### YOUR GOAL
Could you repeat the data word for word while skipping the pictures?

### DATA PROVIDED
= Beginning of Section =
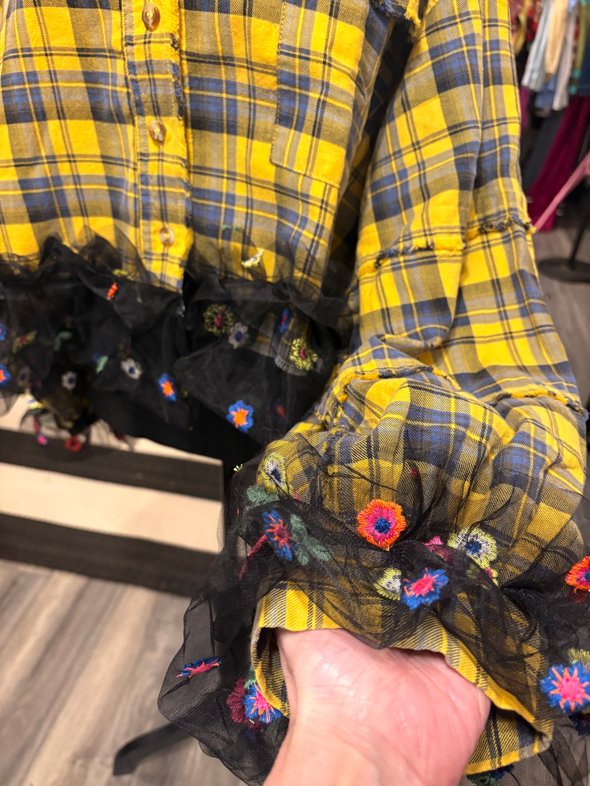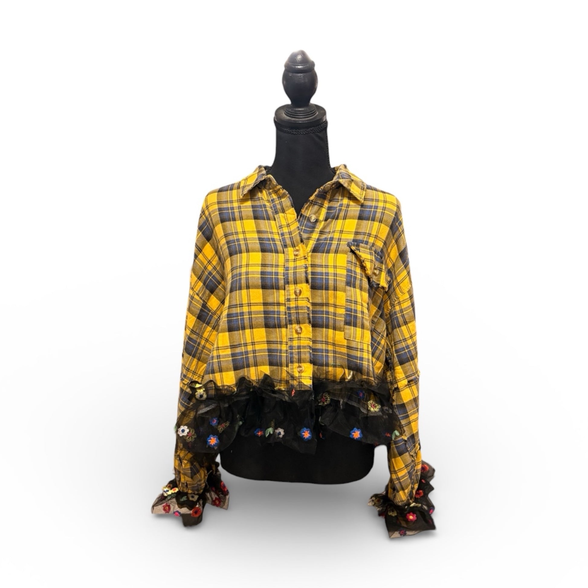 Upcycled boutique flannel and 3D embroidered mesh fabric used to create this FABULOUS cropped top!! Makes a great layering piece!!
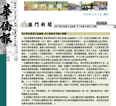 【记者陈艺珠海报导】第四届珠海市大学生慈善公益论坛于十二月一日在北京师范大学—香港浸会大学联合国际学院(UIC)举行,主题为「公民社会与服务学习」,由UIC创联慈善公益社发起,共有四十二个公益团体参与,其中包括来自UIC、北京师范大学珠海分校、北京理工大学珠海学院、吉林大学珠海学院、暨南大学珠海校区、中山大学珠海校区、遵义医学院珠海校区,以及东莞理工学院城市学院等三十六个高校社团,以及六个民间公益组织。整天活动有一百多人参加,人数为历届最多。「公益学习(又称服务学习),有利青年学习善良,学习权责意识,学习合作,学习人与人的联络,重新发现自己。」中山大学社会与人类学学院教授、中山大学公益慈善研究中心副主任朱健刚在第四届珠海市大学生慈善公益论坛上对大学生的公益活动有此评价。
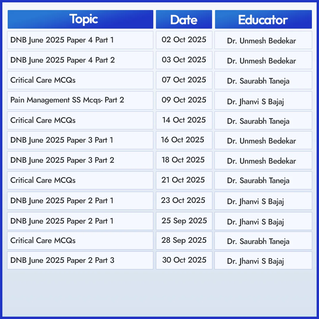 Checkout the In-App Live Session Schedule for the month of October 2025
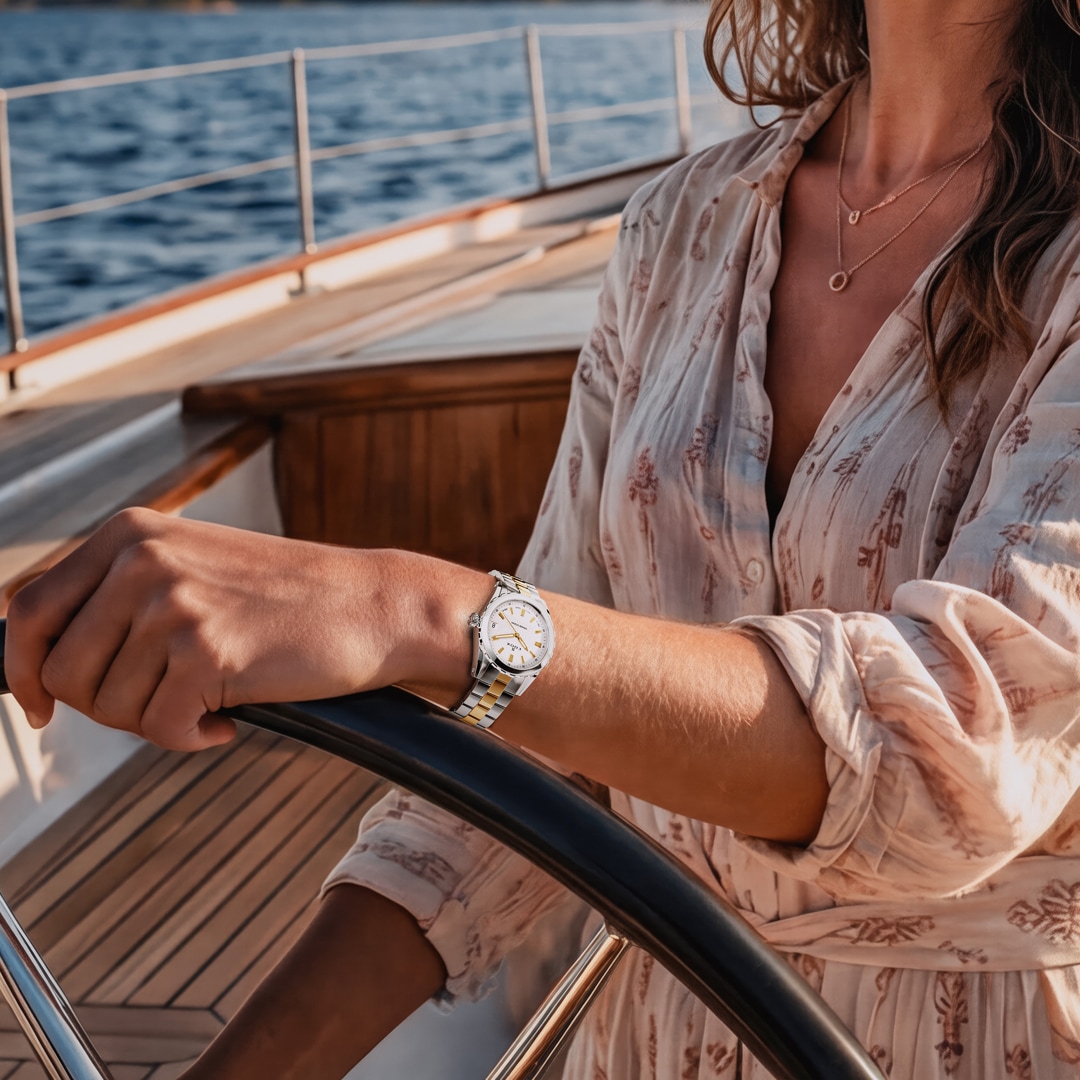 Die Edox Grand Ocean Kollektion verkörpert den kraftvollen Geist der Meere und spiegelt die tiefe Verbundenheit der Maison zu ihrem maritimen Erbe wider. Seit 1884 steht Edox als familiengeführter Schweizer Boutique-Uhrenhersteller für aussergewöhnliche Handwerkskunst und Tradition. Das neugestaltete, stromlinienförmige Gehäuse verbindet zeitlose Eleganz mit einer sportlichen Seele und sorgt für ein modernes Profil am Handgelenk. Ein markantes Highlight ist das strukturierte Zifferblatt mit Wellenmuster, das die dynamische Bewegung des Ozeans und dessen Rhythmus perfekt einfängt. Geschützt durch ein gewölbtes Saphirglas und ausgestattet mit einer verschraubten Krone, bietet der Zeitmesser eine beeindruckende Wasserdichtigkeit von bis zu 300 Metern. Dank Superluminova auf den Zeigern ist höchste Präzision in jeder Situation garantiert. Ein wahrer „Champion des Wassers“ für jeden Moment.
= End of Section =
### COMPLETED TASK
 Upcycled boutique flannel and 3D embroidered mesh fabric used to create this FABULOUS cropped top!! Makes a great layering piece!!
 【记者陈艺珠海报导】第四届珠海市大学生慈善公益论坛于十二月一日在北京师范大学—香港浸会大学联合国际学院(UIC)举行,主题为「公民社会与服务学习」,由UIC创联慈善公益社发起,共有四十二个公益团体参与,其中包括来自UIC、北京师范大学珠海分校、北京理工大学珠海学院、吉林大学珠海学院、暨南大学珠海校区、中山大学珠海校区、遵义医学院珠海校区,以及东莞理工学院城市学院等三十六个高校社团,以及六个民间公益组织。整天活动有一百多人参加,人数为历届最多。「公益学习(又称服务学习),有利青年学习善良,学习权责意识,学习合作,学习人与人的联络,重新发现自己。」中山大学社会与人类学学院教授、中山大学公益慈善研究中心副主任朱健刚在第四届珠海市大学生慈善公益论坛上对大学生的公益活动有此评价。
 Checkout the In-App Live Session Schedule for the month of October 2025
 Die Edox Grand Ocean Kollektion verkörpert den kraftvollen Geist der Meere und spiegelt die tiefe Verbundenheit der Maison zu ihrem maritimen Erbe wider. Seit 1884 steht Edox als familiengeführter Schweizer Boutique-Uhrenhersteller für aussergewöhnliche Handwerkskunst und Tradition. Das neugestaltete, stromlinienförmige Gehäuse verbindet zeitlose Eleganz mit einer sportlichen Seele und sorgt für ein modernes Profil am Handgelenk. Ein markantes Highlight ist das strukturierte Zifferblatt mit Wellenmuster, das die dynamische Bewegung des Ozeans und dessen Rhythmus perfekt einfängt. Geschützt durch ein gewölbtes Saphirglas und ausgestattet mit einer verschraubten Krone, bietet der Zeitmesser eine beeindruckende Wasserdichtigkeit von bis zu 300 Metern. Dank Superluminova auf den Zeigern ist höchste Präzision in jeder Situation garantiert. Ein wahrer „Champion des Wassers“ für jeden Moment.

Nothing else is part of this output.